What changed on the Host? any new hardware added?
No we didn't change anything.. its a completly new dell server.. the system came preinstalled with 6.7.0 and we just made our VM's running on it and set it up at our customers office. And now it crashed weekly with this error.
Double check and make sure that server has all the latest BIOS, firmware, etc. Depending on when it was built it could be missing some important microcode.
BIOS, firmware and drivers are already checked!
Next thing is to patch that ESXi host up to the latest available build. Based on the PSOD, you're on the GA release from back in April and there are two later builds which address issues. Highly recommend patching up to latest ASAP.

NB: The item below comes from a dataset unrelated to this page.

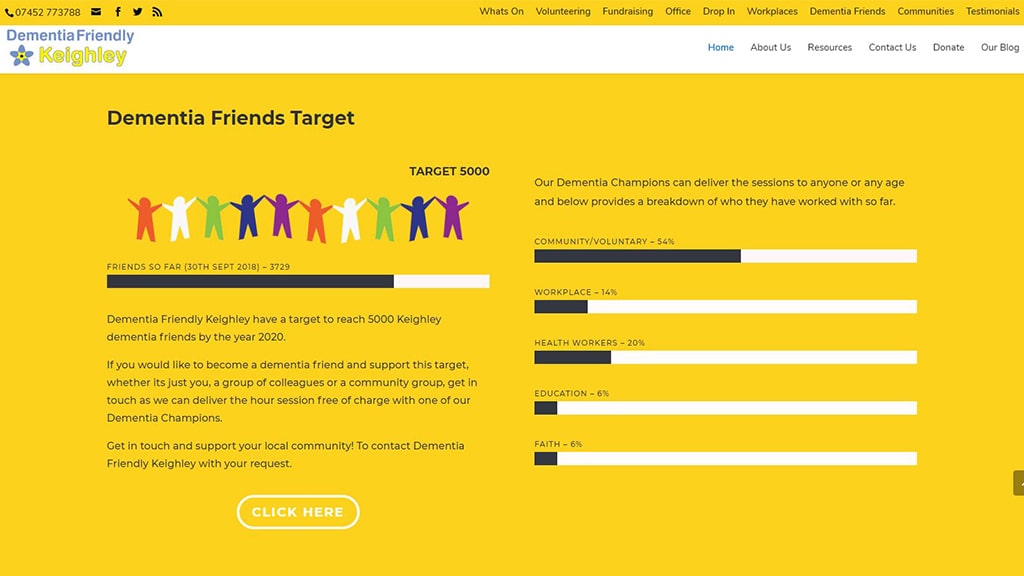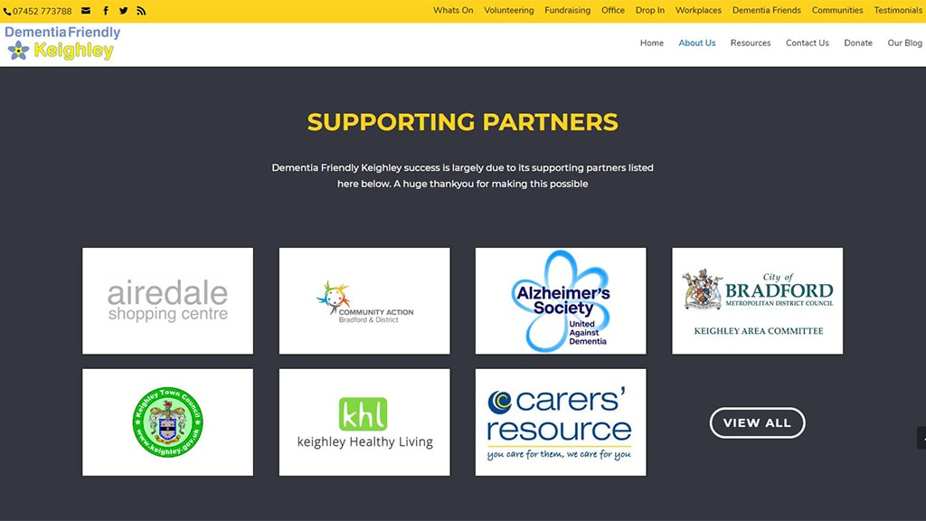 As demand for this invaluable service grew Dementia Friendly Keighley needed a website to demonstrate the high level of services and activities it could offer. The Trustees wanted a site that was user friendly and a invaluable resource of information for both people suffering with dementia along with people and organisations within the community wanting to offer their support.
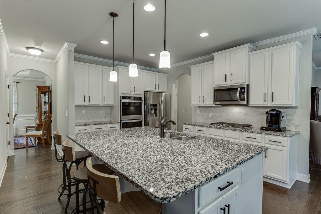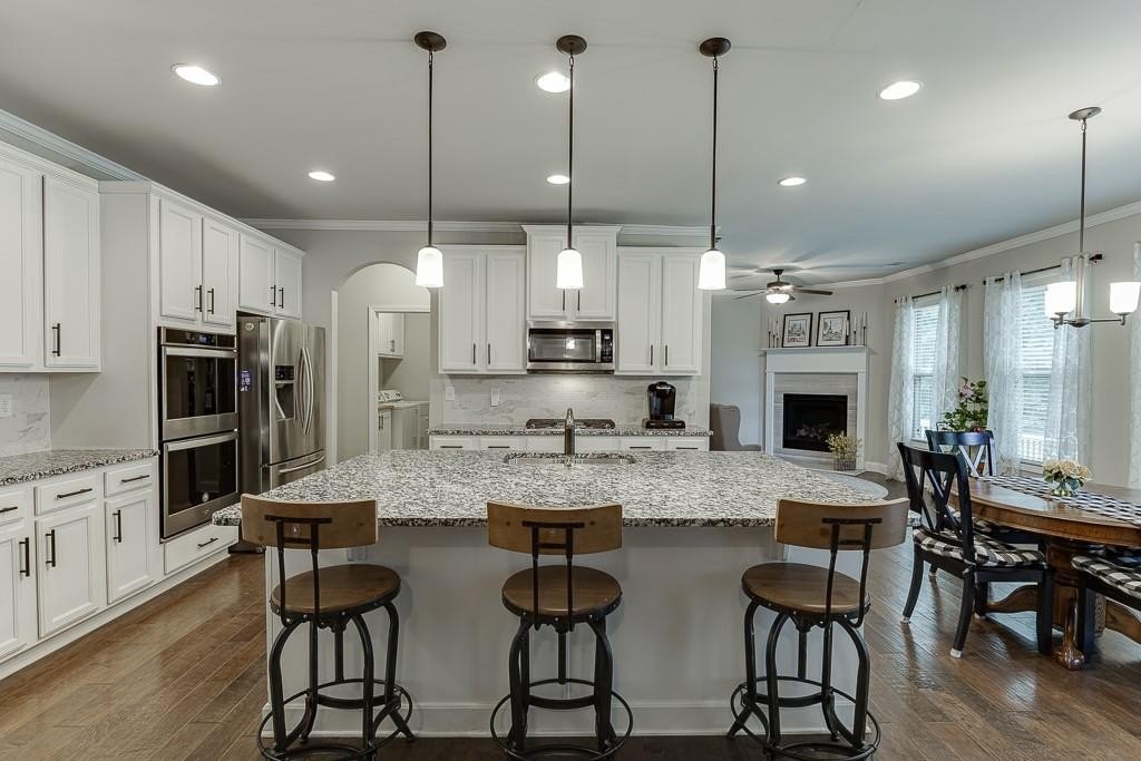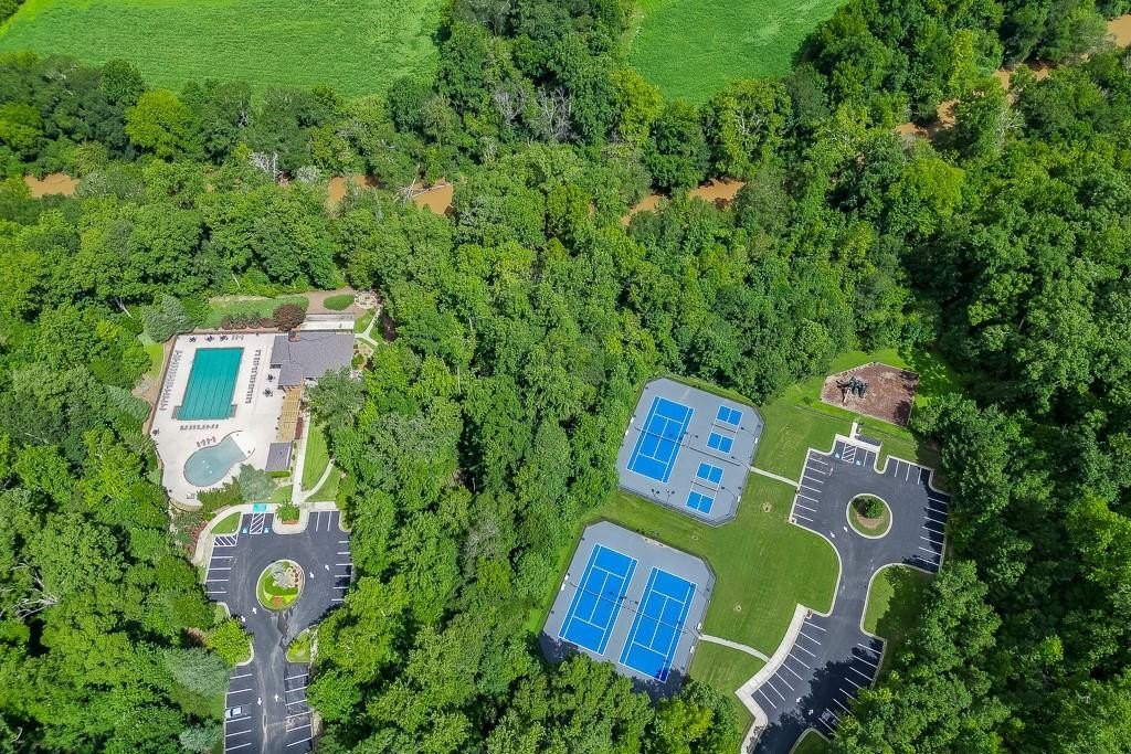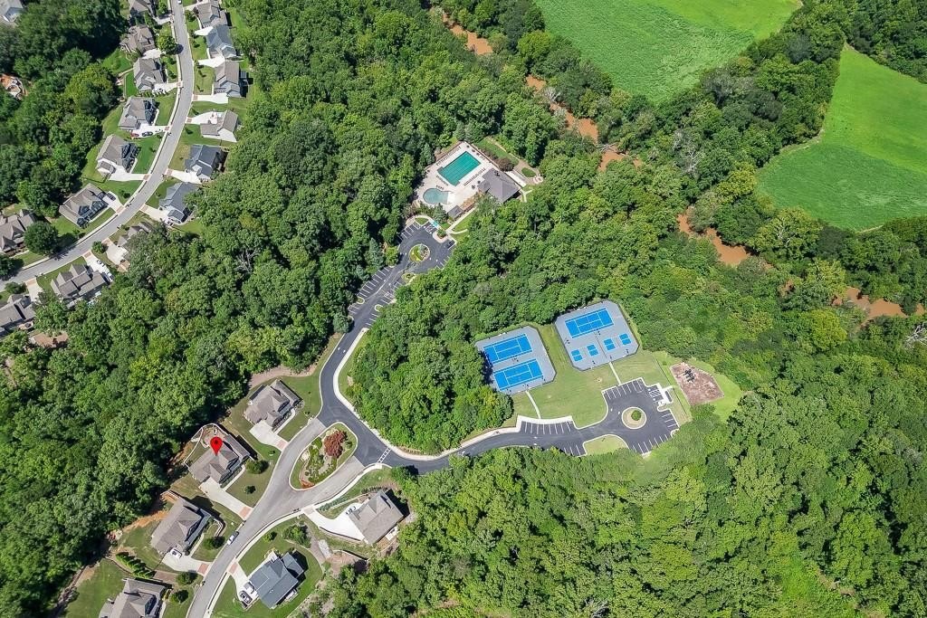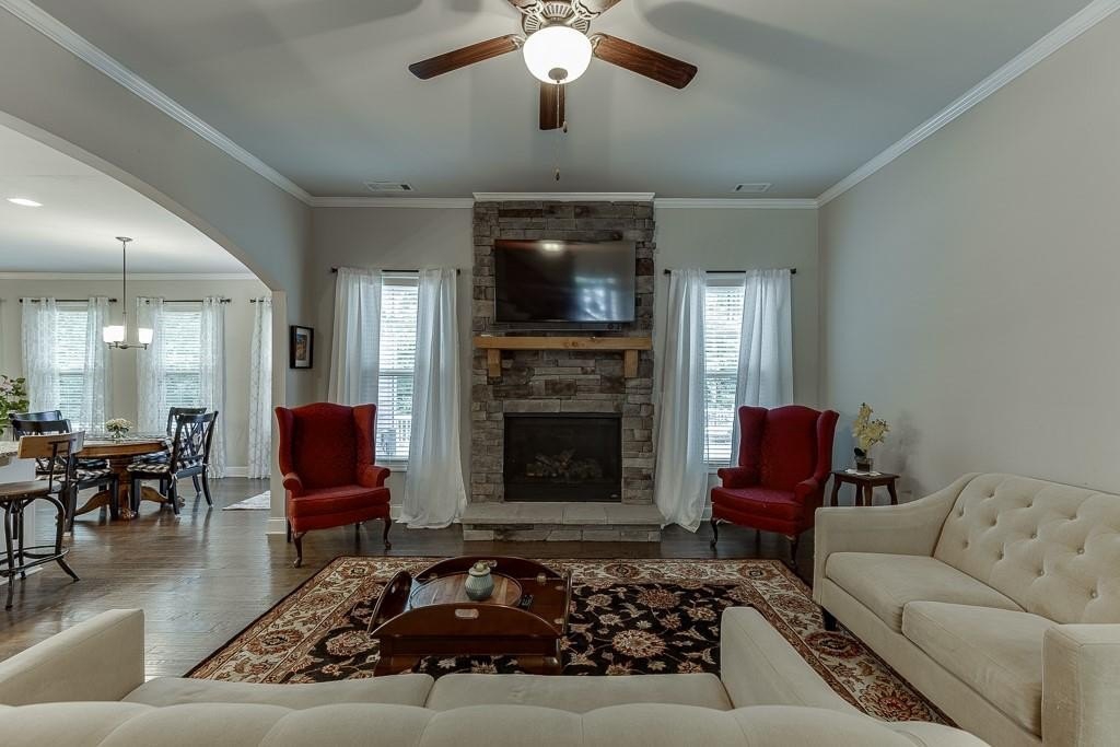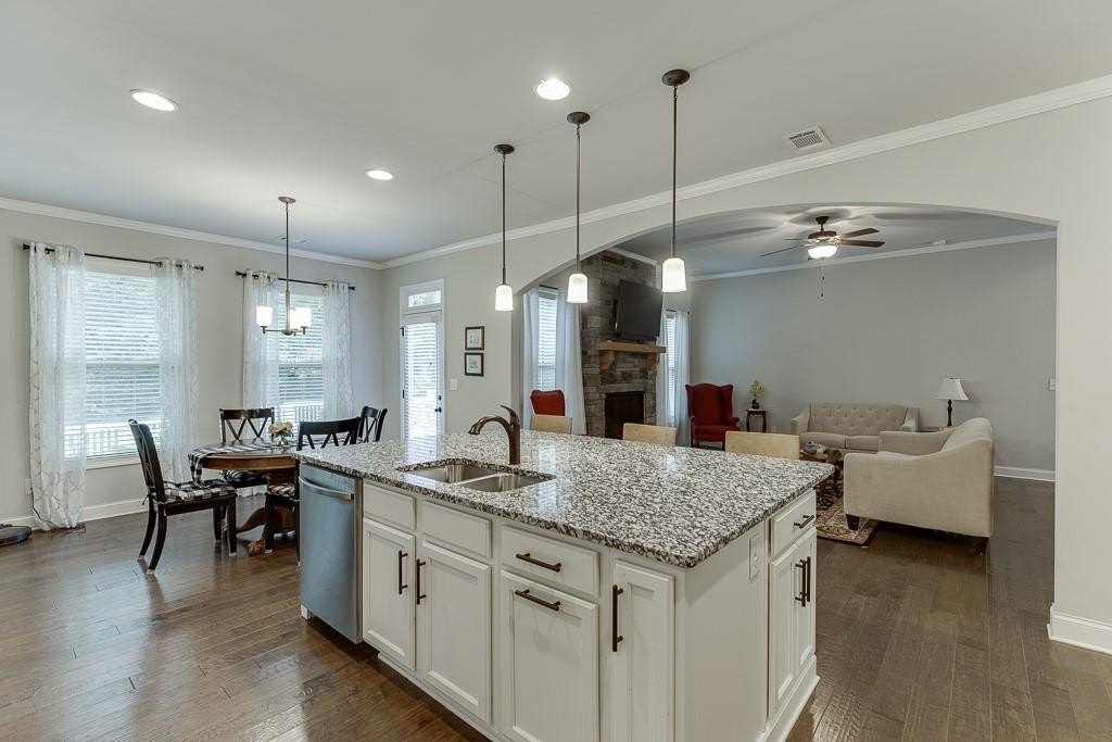 This striking Master on the Main home is perfectly situated on a lovely lot with a beautiful, manicured yard and perfectly level driveway. The exceptional community amenities in River Rock cater to every interest, from a stone fire pit and walking trail along the Etowah River to a large lap pool, kids' splash pad, tennis and pickleball courts, a playground and a well-appointed clubhouse for gatherings and meetings. Step inside and discover a home designed for peace and comfort. The formal dining room sets a sophisticated tone, while the spacious great room, with its rustic stone fireplace, open-concept layout, and beautiful views of the peaceful woods creates a welcoming feeling. The gourmet kitchen is a chef’s dream, featuring a massive island, double ovens, and a huge walk-in pantry perfect for creating memorable meals and entertaining guests. Natural light floods the home through a large bank of windows, offering a cheerful, uplifting atmosphere and serene views of the wooded backyard. Step out onto the expansive paver patio where you can relax, read, or listen to the sounds of nature. This tranquil space is a bird watcher's paradise and offers a welcome escape from your long day.

Going by the functions reported in the PSOD stack, looks like excessive logging is causing the host to crash. I'm assuming vmw_ahci is the driver catering to the local datastore on which the scratch partition is configured. Check if there is any debug/verbose level logging enabled for any of the components of the host such as hostd, vpxa, NIC/HBA driver, etc. If yes, change the logging level to Info/Warning.
Hey, thanks for you answer. Do you know how i can change the logging level?
Got the Same error on one out of 5 identical Dell T440 with the following CPUs (both Sockets are used)
Intel(R) Xeon(R) Silver 4110 CPU @ 2.10GHz Model 85 Stepping 4
Been in contact with the Dell Support - this happens from ESXi 6.5 U1, U2, 6.7 GA, 6.7 U1 (It doesn't matter if i install with the original-vmware ISO or if i use the customized Dell ImagE).
One CPU has been changed but currently it didn't resolved the Case.
Ofcourse the IPMI of the Server shows that everything is ok.
It doesn't matter if there is load on the Server or if there is something happening. This Crash is reproducable and happens after atleast 2 days.
Did you come up with a resolution?
Meoli - were you able to find a resolution to this issue? We are having the same purple screen message with the following CPUs
Intel(R) Xeon(R) Silver 4114 CPU @ 2.20GHz Model 85 Stepping 4
We need to look at the vmkernel.log just before the server fails with PSOD. Look for any errors. If you see entries or errors from "vmw_ahci", then check what is the controller that uses vmw_ahci. If its Intel SATA AHCI controller , find if its used by CDROM device using command esxcli storage core device list and also using KB : VMware Knowledge Base
If its using for CDROM, most likely its a failed CDROM device which cause the data transfer error between CD-ROM and AHCI controller, then the driver prints too much logs and cause the PCPU lockup.
Unfortunately the Respond by e-mail did not work
In our case it could only be resolved by replacing the motherboard. So it may be a socket Fault or something on the mainboard itself. Although it is strange that you find so much entries if you search for PsoDs with this CPUs...